What is required →
The answer is the first line of the listing and every line after it through the one containing "Kavč LENA prijetnega, klasičnega", exact, with pictures removed.

Collected material →

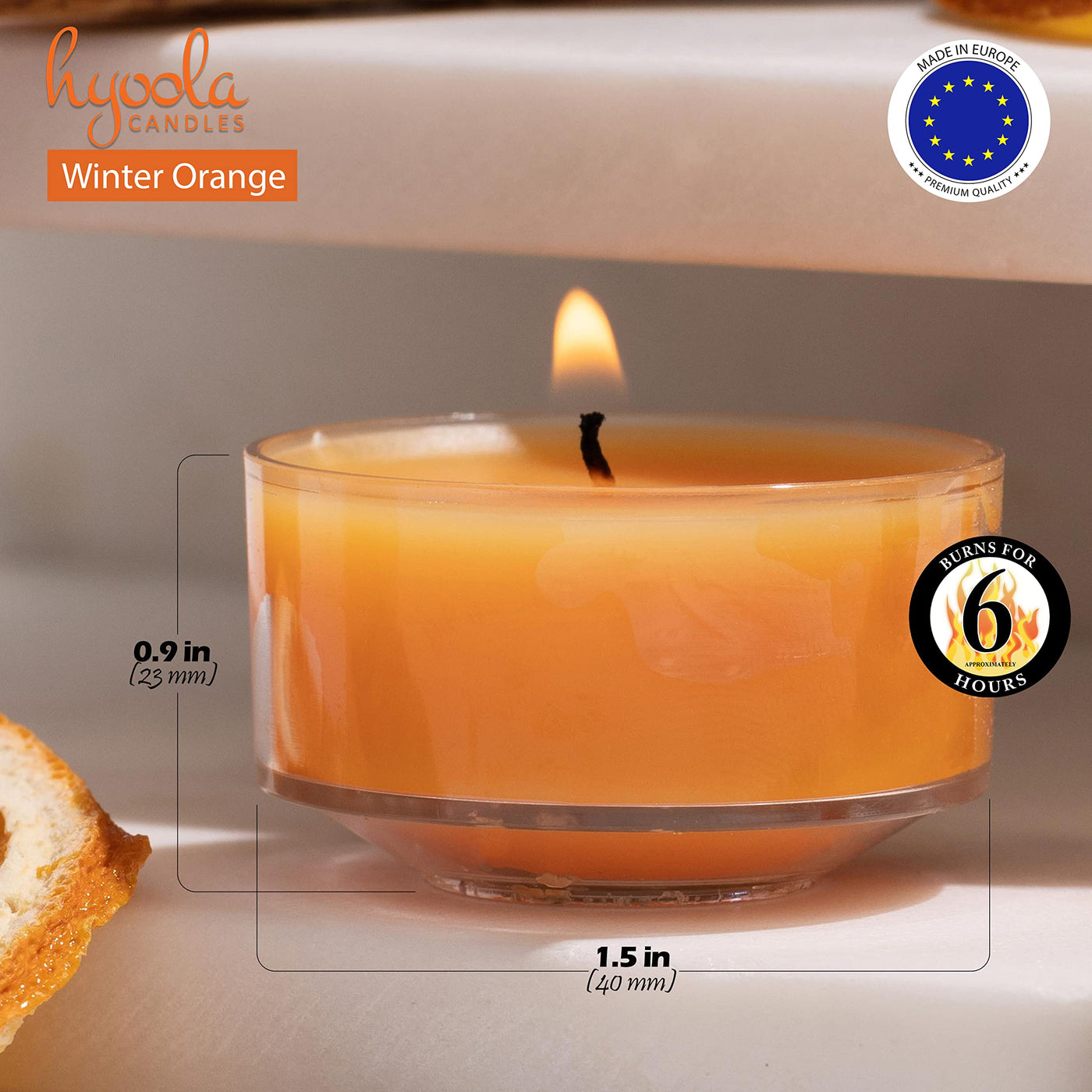 Hyoola Scented Tealight Candles - Clear Cup - Winter Orange Tealight Candles Scented - 6 Hour Burn Time - 15 Pack - European Made
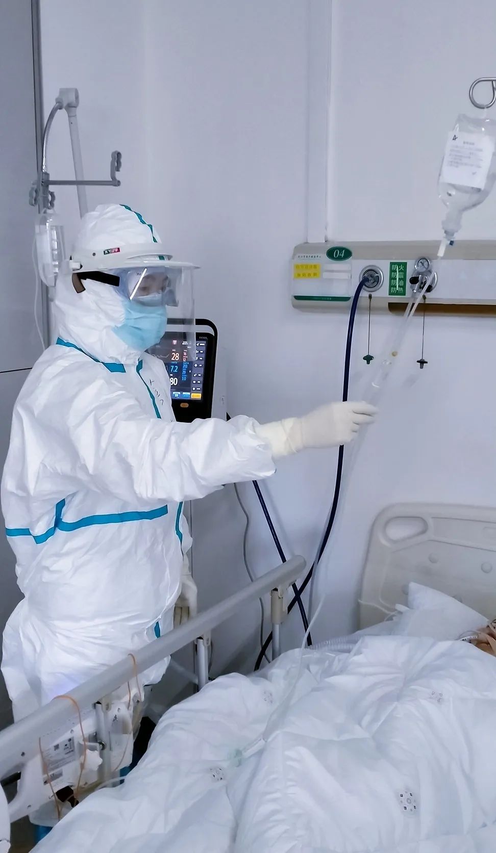 樊洁琼负责的一些病人需要用无创呼吸机,喂饭时要脱下病人的面罩,每喂上一两口,病人就因缺氧要重新戴上面罩,一顿饭喂一个多小时是常事。也有因担心病情而烦躁的病人,拔管、拉扯、敲打床沿,樊洁琼会耐心劝解,把管子固定好、把面罩扶正,整理床位,给病人调整到最舒适的角度。奚洁在身先士卒的党员队友的感染下,递交了入党申请书,她说:“我志愿加入中国共产党,敢为人先,不畏艰难,尽我所能,全力以赴抗击疫情,相信在我们的努力下,定能打赢这场战役,凯旋而归!”每日下班后,队员们在医院初步洗消换好干净衣物,到宾馆门口洗手、消毒、换口罩,到宾馆房间后定点放置从医院穿回来的衣服并再次消毒,每一个环节队员们都认真完成,绝不偷懒,蔡俊说:“我们是治病救人的医护人员,也是纪律严明的战士。正是有这样铁一般纪律的队伍,才能战胜疫情!”
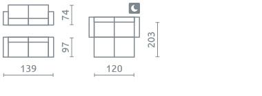 Kavč LENA prijetnega, klasičnega videza primeren za vsakogar, ki bi si želel majhen kompakten kavč z ležiščem. Dimenzije: 139 x 97 x 74 cm.
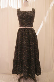 An Astrior favorite, the Hailey Set comes in black fabric that is dusted with a Nordic ditsy floral print in soft blue, red and yellow. The set includes a semi-cropped blouse with a square neckline, thick straps for sleeves, and an oversized bow in the center of the neckline that weaves in and out of the top of the blouse. It has vertical pleated detailing along the bodice with functional clasps down the center of the blouse. The skirt is decorated with fabric gathering details along the waistband and tiers, creating an extra flowy, vintage-inspired look. Finished off with an adjustable waist that ties together in an oversized bow, this set can be styled with your go-to slides, an oversized tote and a messy updo for a romantic day to night look.

Task result →
 Hyoola Scented Tealight Candles - Clear Cup - Winter Orange Tealight Candles Scented - 6 Hour Burn Time - 15 Pack - European Made
 樊洁琼负责的一些病人需要用无创呼吸机,喂饭时要脱下病人的面罩,每喂上一两口,病人就因缺氧要重新戴上面罩,一顿饭喂一个多小时是常事。也有因担心病情而烦躁的病人,拔管、拉扯、敲打床沿,樊洁琼会耐心劝解,把管子固定好、把面罩扶正,整理床位,给病人调整到最舒适的角度。奚洁在身先士卒的党员队友的感染下,递交了入党申请书,她说:“我志愿加入中国共产党,敢为人先,不畏艰难,尽我所能,全力以赴抗击疫情,相信在我们的努力下,定能打赢这场战役,凯旋而归!”每日下班后,队员们在医院初步洗消换好干净衣物,到宾馆门口洗手、消毒、换口罩,到宾馆房间后定点放置从医院穿回来的衣服并再次消毒,每一个环节队员们都认真完成,绝不偷懒,蔡俊说:“我们是治病救人的医护人员,也是纪律严明的战士。正是有这样铁一般纪律的队伍,才能战胜疫情!”
 Kavč LENA prijetnega, klasičnega videza primeren za vsakogar, ki bi si želel majhen kompakten kavč z ležiščem. Dimenzije: 139 x 97 x 74 cm.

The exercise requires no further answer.